AIM OF THE TASK
Pictures aside, repeat every entry exactly.

----- PROVIDED INFORMATION -----

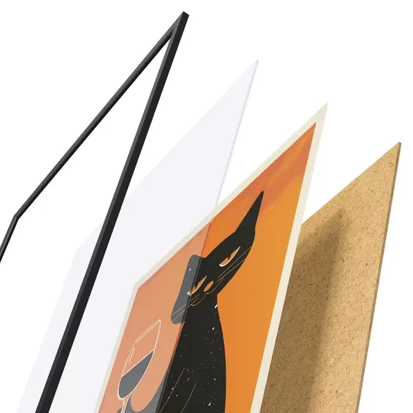 Das Poster besteht aus einem Rahmen, Plexiglas, einem gedruckten Bild und einer Rückwand aus Spanplatten. Dank der Halterungen auf der Rückseite kann das Poster sofort an die Wand gehängt werden.
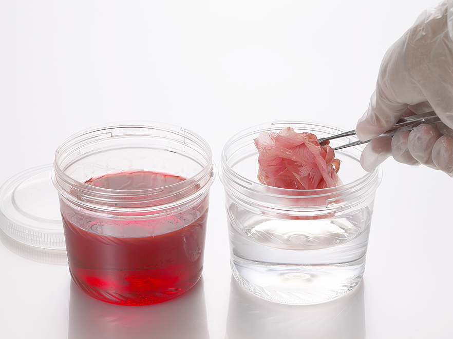 Step6で十分染まったお花をA液でさっとすすぎます。すすぎの時間は1秒から10秒まで。
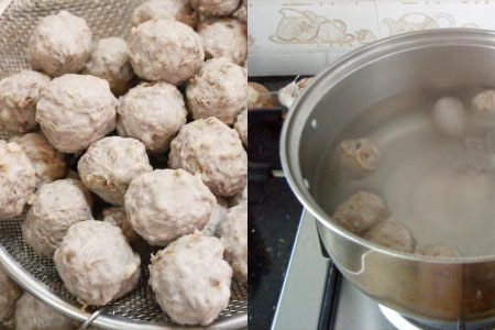 准备一个装满冰水的大锅,当肉丸焖熟之后,迅速捞起并放入冰水里面,以防牛肉丸进入空气表面变得干黑。冻存之后就可以随时享受美味的肉丸啦
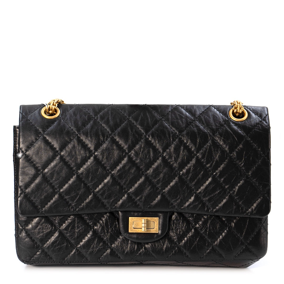 The Chanel 2.55 Handbag in Black Aged Calfskin with Gold-Tone Metal Hardware is a timeless icon of elegance and luxury craftsmanship. Expertly crafted from supple, aged black calfskin leather, this piece combines durability with a soft, polished finish, offering both structure and sophistication.
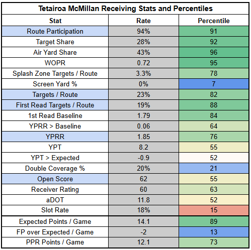 McMillan's underlying numbers are very strong. He's dominating targets, is clearly installed as the No. 1 WR, and is producing efficiently. Unfortunately, this isn't a matchup where we can expect the Panthers to drop back more than usual—if anything, volume may drop. The silver lining is that Young could be very efficient, working off of a run-heavy attack against a vulnerable pass defense. McMillan is a low-end WR2.
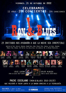 12 años, 104 canciones, ¡200 CONCIERTOS! RON & BLUES es probablemente la banda de versiones en activo más veterana de la escena madrileña, y celebra su concierto 200 nada menos que con ¡23 músicos invitados!
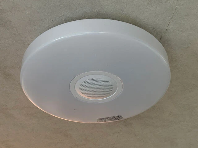 製品名のとおり、LEDシーリングライトにBluetoothスピーカーを内蔵。スマホと接続すれば天井のライトから音楽が流れる。大音量にはならないが、日常BGMとしては十分。5500円
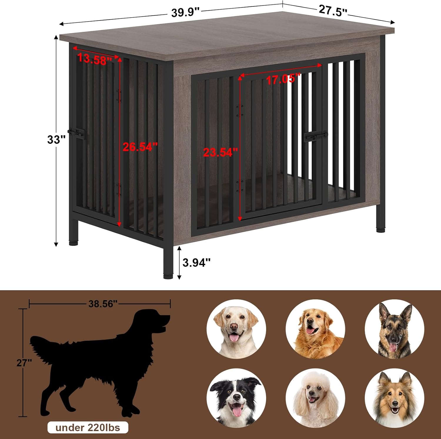 - 【Provide Ample Space for Dogs】: With 39.96" W x 27.56" D x 33.07" H dimension, the dog kennel furniture can allows medium and large dogs to have a comfortable and spacious living space, avoiding anxiety and unease due to limited space. The middle partition can be installed or removed according to your needs, the specific installation steps can refer to the detailed manual.
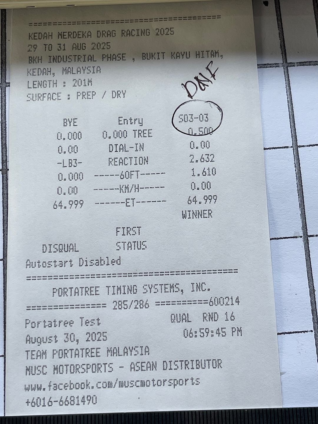 FS: False Start | DNF: Did Not Finish | DNS: Did Not Start
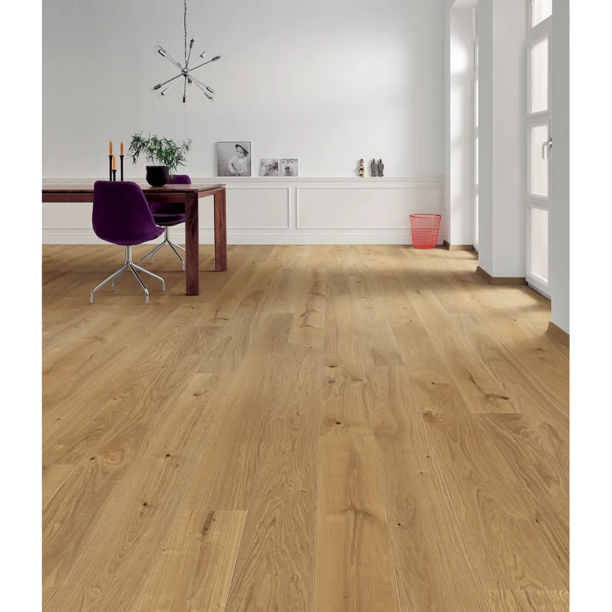 Mit dem Living by Haro Parkett Eiche Apart Landhausdiele mit Naturöl-Oberfläche können Sie jeden Raum aufwerten und ihn harmonisch mit nahezu jeder Einrichtung kombinieren. Die hochwertige Verarbeitung dieses Holzbodens sorgt für ein angenehmes Laufgefühl und eine hohe Stabilität. Mit einer Gesamtdicke von 11mm und ca. 2,5mm Edelholznutzschicht kann der Boden auch abgeschliffen werden.
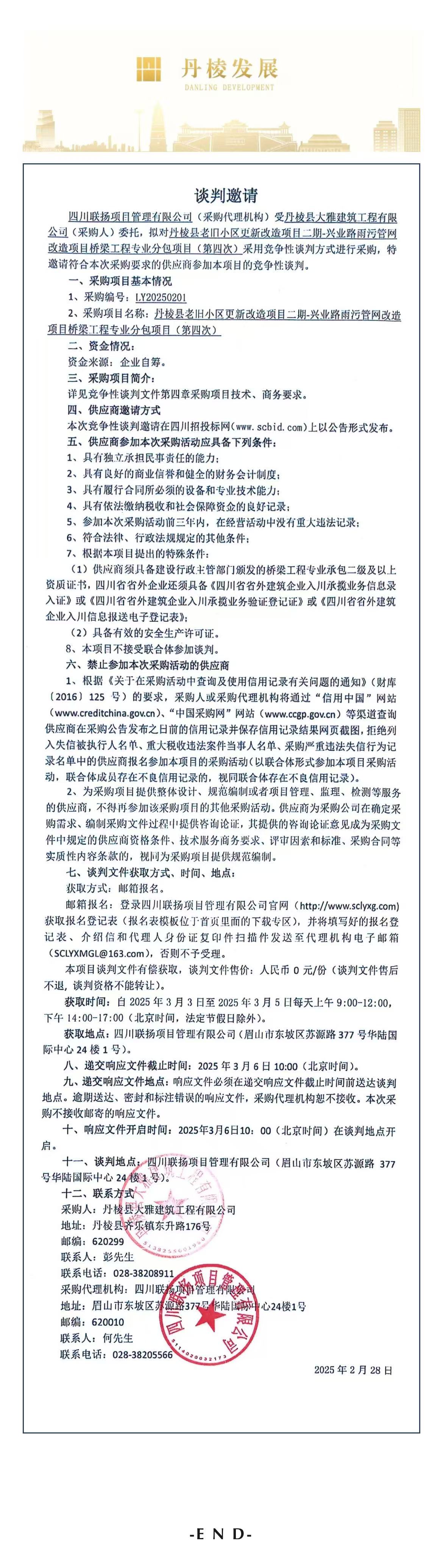 丹棱縣老舊小區更新改造項目二期-興業(yè)路雨污管網(wǎng)改造項目橋梁工程專(zhuān)業(yè)分包項目談判邀請公告(第四次)
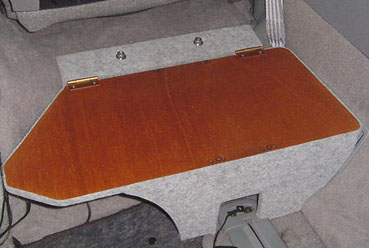 | TOPにはニスを塗り、側面はおなじみパンチカーペットを貼りました。 |
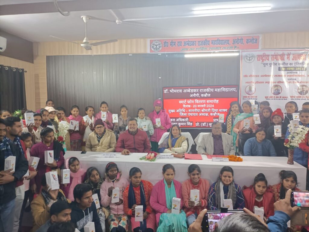 जलालाबाद, कन्नौज। शनिवार को अनौगी स्थित डॉ भीमराव अंबेडकर राजकीय महाविद्यालय में उत्तर प्रदेश सरकार की स्वामी विवेकानंद युवा सशक्तिकरण योजना के अंतर्गत स्मार्टफोन वितरण कार्यक्रम आयोजित किया गया। कार्यक्रम का शुभारंभ मुख्य अतिथि जिला पंचायत अध्यक्ष प्रिया शाक्य व प्राचार्य डॉ सुशील कुमार शाक्य ने मां सरस्वती के चित्र पर दीप प्रज्वलित व माल्यार्पण कर किया। इसके अतिथि ने छात्र-छात्राओं स्मार्टफोन का वितरण किया। इस दौरान जिला पंचायत अध्यक्ष प्रिया शाक्य ने कहा कि सरकार की स्मार्टफोन वितरण योजना छात्र छात्राओं के हित के लिए बेहतर साबित हो रही है। कहा कि छात्र- छात्राएं इस स्मार्टफोन का प्रयोग अपने शैक्षिक गतिविधियों को बढ़ाने में करना चाहिए। उन्होंने छात्र-छात्राओं विशेष तौर पर लड़कियों से कहा कि ग्रामीण क्षेत्र में स्थित यह राजकीय महाविद्यालय आप सबके लिए एक वरदान के समान है। छात्र-छात्राएं इस शिक्षा संस्थान में अध्ययन करके जीवन में ऊंचाइयों को छू सकते हैं। कार्यक्रम के अंत में प्राचार्य प्रोफेसर डॉ सुशील कुमार शाक्य ने आए हुए अतिथियों को धन्यवाद व्यापित करते हुए कहा कि उनके आगमन से महाविद्यालय के छात्र-छात्राओं को प्रेरणा और ऊर्जा प्राप्त हुई है। इस मौके पर डॉ संजय सिंह, डॉ हेमंत सिंह, डॉ. शिप्रा वर्मा, डॉ. सत्यवीर सिंह, डिंपल कुशवाहा ,डॉ. अखिलेश, डॉ. विजय बहादुर, डॉरफी सक्सेना सहित आदि रहे।
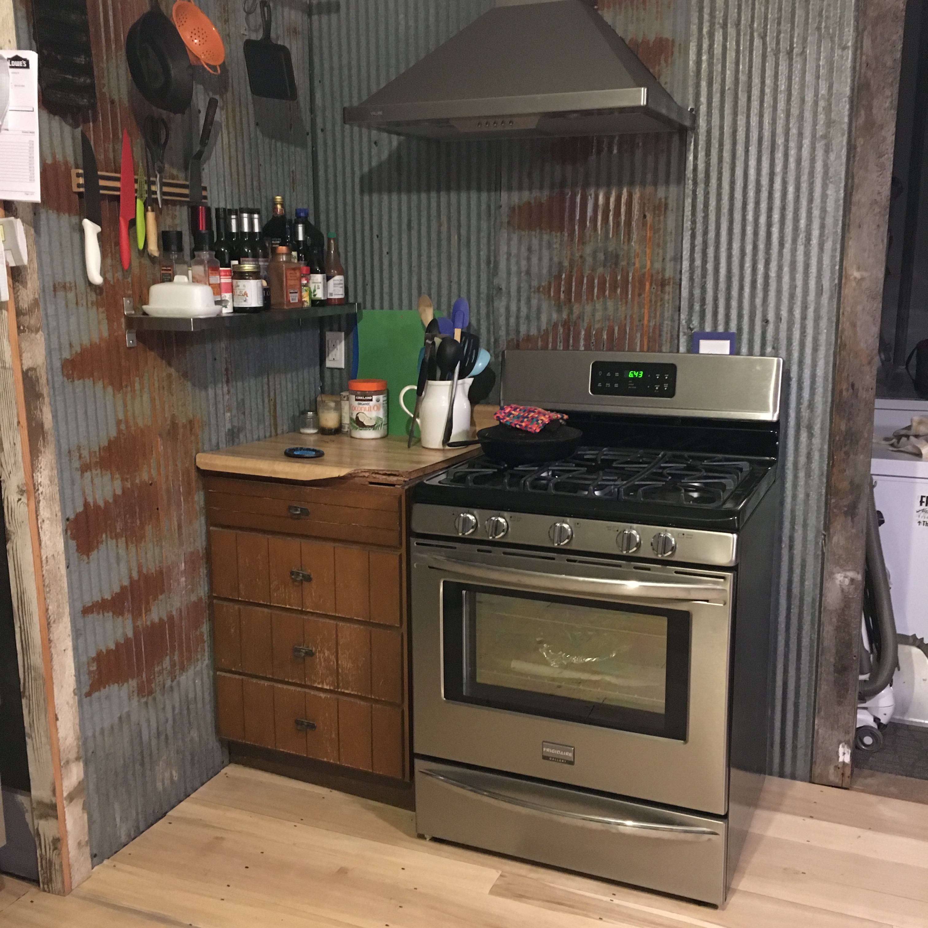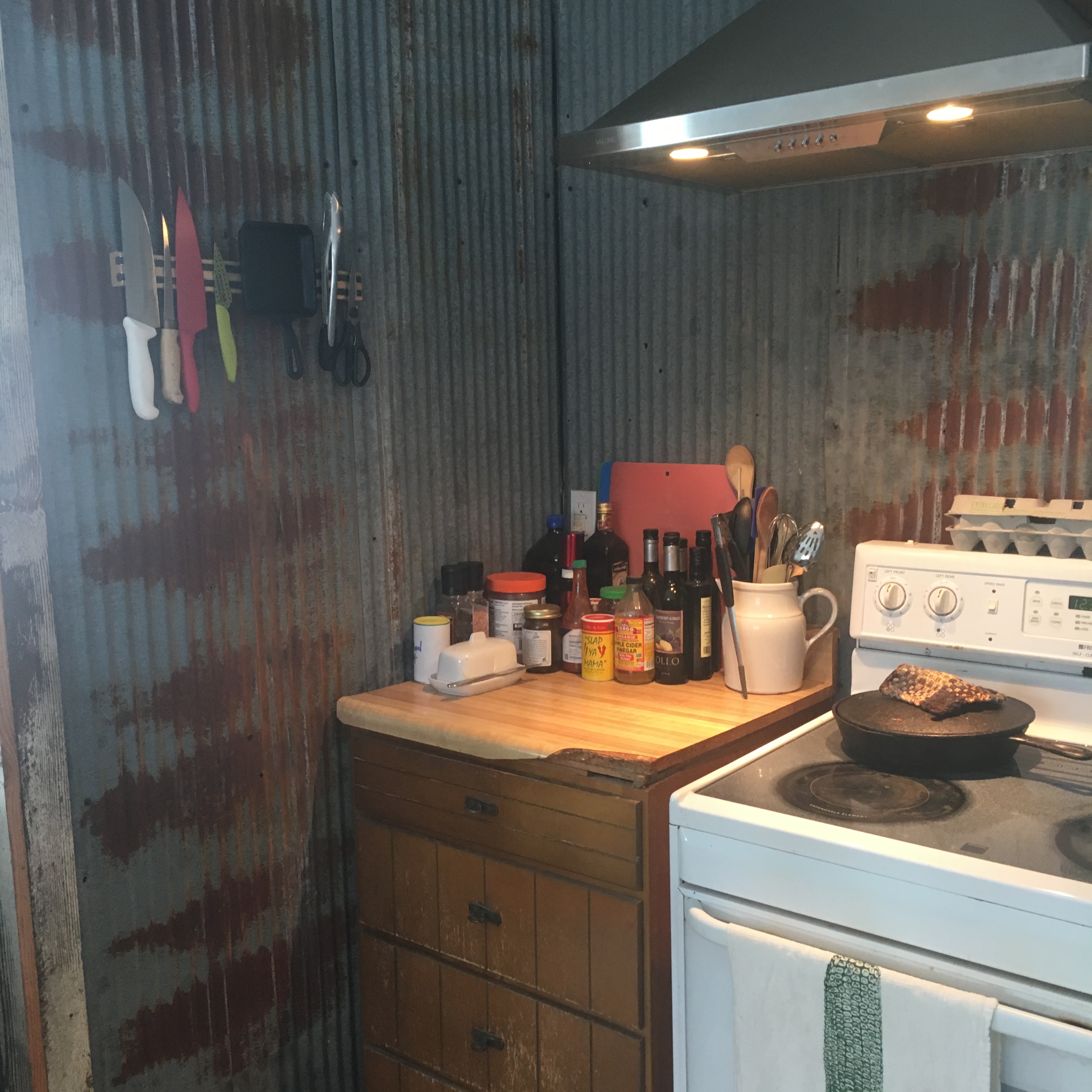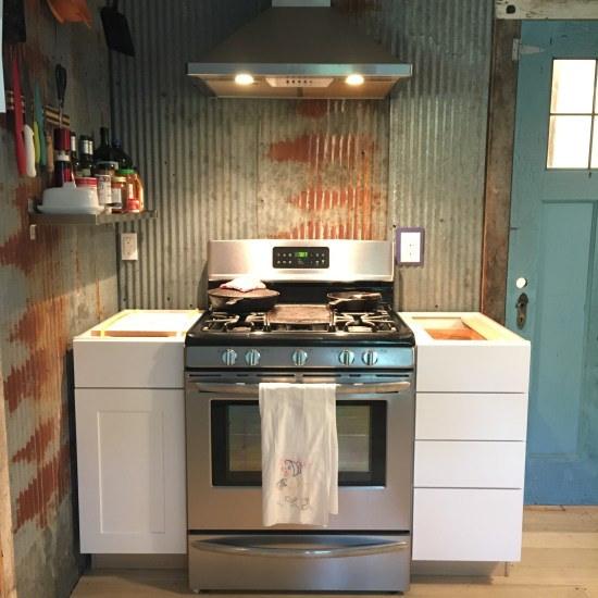 To the almost-finished cooking nook…I obviously need to take this photo again with the countertops in place, but you get the idea. Read my post about the new cabinets and countertops here.

-----

ANSWER SPACE
 Das Poster besteht aus einem Rahmen, Plexiglas, einem gedruckten Bild und einer Rückwand aus Spanplatten. Dank der Halterungen auf der Rückseite kann das Poster sofort an die Wand gehängt werden.
 Step6で十分染まったお花をA液でさっとすすぎます。すすぎの時間は1秒から10秒まで。
 准备一个装满冰水的大锅,当肉丸焖熟之后,迅速捞起并放入冰水里面,以防牛肉丸进入空气表面变得干黑。冻存之后就可以随时享受美味的肉丸啦
 The Chanel 2.55 Handbag in Black Aged Calfskin with Gold-Tone Metal Hardware is a timeless icon of elegance and luxury craftsmanship. Expertly crafted from supple, aged black calfskin leather, this piece combines durability with a soft, polished finish, offering both structure and sophistication.
 McMillan's underlying numbers are very strong. He's dominating targets, is clearly installed as the No. 1 WR, and is producing efficiently. Unfortunately, this isn't a matchup where we can expect the Panthers to drop back more than usual—if anything, volume may drop. The silver lining is that Young could be very efficient, working off of a run-heavy attack against a vulnerable pass defense. McMillan is a low-end WR2.
 12 años, 104 canciones, ¡200 CONCIERTOS! RON & BLUES es probablemente la banda de versiones en activo más veterana de la escena madrileña, y celebra su concierto 200 nada menos que con ¡23 músicos invitados!
 製品名のとおり、LEDシーリングライトにBluetoothスピーカーを内蔵。スマホと接続すれば天井のライトから音楽が流れる。大音量にはならないが、日常BGMとしては十分。5500円
 - 【Provide Ample Space for Dogs】: With 39.96" W x 27.56" D x 33.07" H dimension, the dog kennel furniture can allows medium and large dogs to have a comfortable and spacious living space, avoiding anxiety and unease due to limited space. The middle partition can be installed or removed according to your needs, the specific installation steps can refer to the detailed manual.
 FS: False Start | DNF: Did Not Finish | DNS: Did Not Start
 Mit dem Living by Haro Parkett Eiche Apart Landhausdiele mit Naturöl-Oberfläche können Sie jeden Raum aufwerten und ihn harmonisch mit nahezu jeder Einrichtung kombinieren. Die hochwertige Verarbeitung dieses Holzbodens sorgt für ein angenehmes Laufgefühl und eine hohe Stabilität. Mit einer Gesamtdicke von 11mm und ca. 2,5mm Edelholznutzschicht kann der Boden auch abgeschliffen werden.
 丹棱縣老舊小區更新改造項目二期-興業(yè)路雨污管網(wǎng)改造項目橋梁工程專(zhuān)業(yè)分包項目談判邀請公告(第四次)
 | TOPにはニスを塗り、側面はおなじみパンチカーペットを貼りました。 |
 जलालाबाद, कन्नौज। शनिवार को अनौगी स्थित डॉ भीमराव अंबेडकर राजकीय महाविद्यालय में उत्तर प्रदेश सरकार की स्वामी विवेकानंद युवा सशक्तिकरण योजना के अंतर्गत स्मार्टफोन वितरण कार्यक्रम आयोजित किया गया। कार्यक्रम का शुभारंभ मुख्य अतिथि जिला पंचायत अध्यक्ष प्रिया शाक्य व प्राचार्य डॉ सुशील कुमार शाक्य ने मां सरस्वती के चित्र पर दीप प्रज्वलित व माल्यार्पण कर किया। इसके अतिथि ने छात्र-छात्राओं स्मार्टफोन का वितरण किया। इस दौरान जिला पंचायत अध्यक्ष प्रिया शाक्य ने कहा कि सरकार की स्मार्टफोन वितरण योजना छात्र छात्राओं के हित के लिए बेहतर साबित हो रही है। कहा कि छात्र- छात्राएं इस स्मार्टफोन का प्रयोग अपने शैक्षिक गतिविधियों को बढ़ाने में करना चाहिए। उन्होंने छात्र-छात्राओं विशेष तौर पर लड़कियों से कहा कि ग्रामीण क्षेत्र में स्थित यह राजकीय महाविद्यालय आप सबके लिए एक वरदान के समान है। छात्र-छात्राएं इस शिक्षा संस्थान में अध्ययन करके जीवन में ऊंचाइयों को छू सकते हैं। कार्यक्रम के अंत में प्राचार्य प्रोफेसर डॉ सुशील कुमार शाक्य ने आए हुए अतिथियों को धन्यवाद व्यापित करते हुए कहा कि उनके आगमन से महाविद्यालय के छात्र-छात्राओं को प्रेरणा और ऊर्जा प्राप्त हुई है। इस मौके पर डॉ संजय सिंह, डॉ हेमंत सिंह, डॉ. शिप्रा वर्मा, डॉ. सत्यवीर सिंह, डिंपल कुशवाहा ,डॉ. अखिलेश, डॉ. विजय बहादुर, डॉरफी सक्सेना सहित आदि रहे।
 To the almost-finished cooking nook…I obviously need to take this photo again with the countertops in place, but you get the idea. Read my post about the new cabinets and countertops here.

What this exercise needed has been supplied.